Fossil hunters find pre-historic 'elephant' bones at site where UK mammoth discovered

John Clayden, right, and Dan Chamberlain, left, found what they believe are elephant bones while digging in the cliffs at West Runton. Credit: ITV News Anglia
John Clayden, right, and Dan Chamberlain, left, found what they believe are elephant bones while digging in the cliffs at West Runton. Credit: ITV News Anglia

Amateur palaeontologists claim to have uncovered pre-historic elephant bones in a cliff where Britain's oldest mammoth was discovered nearly 35 years ago.

The remains were exposed following recent storms in West Runton on the north Norfolk coast.

Fossil hunters believe they date back between 650,000 and 800,000 years and belong to a steppe elephant - similar to today's Indian elephant but bigger - and found in warmer climates than mammoths.

John Clayden has been searching the cliffs in Norfolk since 1982 and was part of the team that helped uncover the first West Runton mammoth in 1990.

On Tuesday, he was in Sheringham collecting some furniture when he decided to nip along the coast and see if the recent storms had uncovered anything.

"Immediately I noticed an atlas vertebra - part of one - sticking out and saw a rather nice tow bone," he said.

"It's gobsmacking. Absolutely amazing. The adrenaline - you're looking at part of an animal that no one else has looked at."

He immediately alerted fellow fossil hunters in the area and a team has spent the last two days uncovering "the best part of a leg bone" including the humerus, ulna, and radius, as well as part of a tusk.

The Norfolk coastline is a site of special scientific interest and fossil hunters can only dig out bones that have already been exposed by storms and tides.

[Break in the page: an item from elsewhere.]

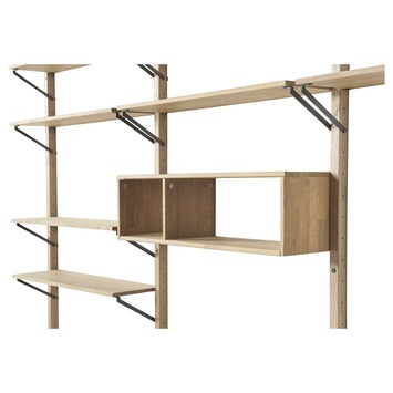 Met dit wandsysteem creëer je jouw eigen unieke wandmeubel! Het Jack wandsysteem uit de WOOOD collectie is een flexibel wandsysteem dat naar eigen voorkeur kan worden samengesteld. Het gehele wandsysteem is gemaakt van eikenhout [FSC] en afgewerkt met een beits in de kleur fumed. De collectie van het Jack wandsysteem bestaat uit een staander van 176 cm, een legplank (incl. dragers), een open vakkenkast (incl. dragers), een kast met schuifdeur (incl. dragers) en een bureaukast (incl. dragers). De onderdelen zijn ook eenvoudig weer te verwijderen, waarna er voor een nieuwe indeling kan worden gekozen. Mix en match met de onderdelen om de perfecte opstelling van het Jack wandsysteem voor jouw interieur samen te stellen.

Mr Clayden said he and others would visit after every storm to see what had been revealed.

"We're actually rescuing these bones," he said. "You can see the condition of the weather today. It wiped all of that out this morning, literally. If we don't get in there, these bones will end up in fragments all across the beach."

Some of the bones found by amateur palaeontologists at West Runton on the Norfolk coast. Credit: ITV News Anglia

The amateur palaeontologist said the diggers were going horizontally into the cliff to remove the bones and that they were careful to stay safe.

He urged the general public to stay clear of the area, adding: "We are very aware of the cliffs and what they can do so we make sure things are safe and there is always someone observing the cliffs above."

The fossil hunters said they had tipped off local museums, as well as experts at the University of Cambridge.

The first West Runton Mammoth was discovered in 1990 when locals Margaret and Harold Hems spotted what looked like a large bone sticking out of the cliff.

More bones turned up a year later and Norfolk Museums Service launched a three-month dig in 1995 with the Norfolk Archaeological Unit.

The excavation unearthed four-fifths of a mammoth skeleton.

It was the most complete example of a so-called Steppe mammoth ever discovered in Britain.

The first West Runton Mammoth was discovered in 1990 when locals spotted what looked like a large bone sticking out of the cliff. Credit: ITV News Anglia

The Steppe mammoth was an ancestor of the woolly mammoth and would have lived in open forest and grassland, eating grass and other vegetation

It would have been four metres tall at the shoulder and weighed 10 tonnes - twice as much as one of today's African elephants.

Excavations revealed the mammoth was a male who died at the age of 42 in a fresh water river bed.

It is thought the animal was disabled by having a bad leg and probably fell into the mud and was unable to get up.

Most of the West Runton mammoth is in storage at the Norfolk Collections Centre at Gressenhall Farm and Workhouse, but there is a dedicated display at Cromer Museum as well as a small display in Norwich Castle Museum.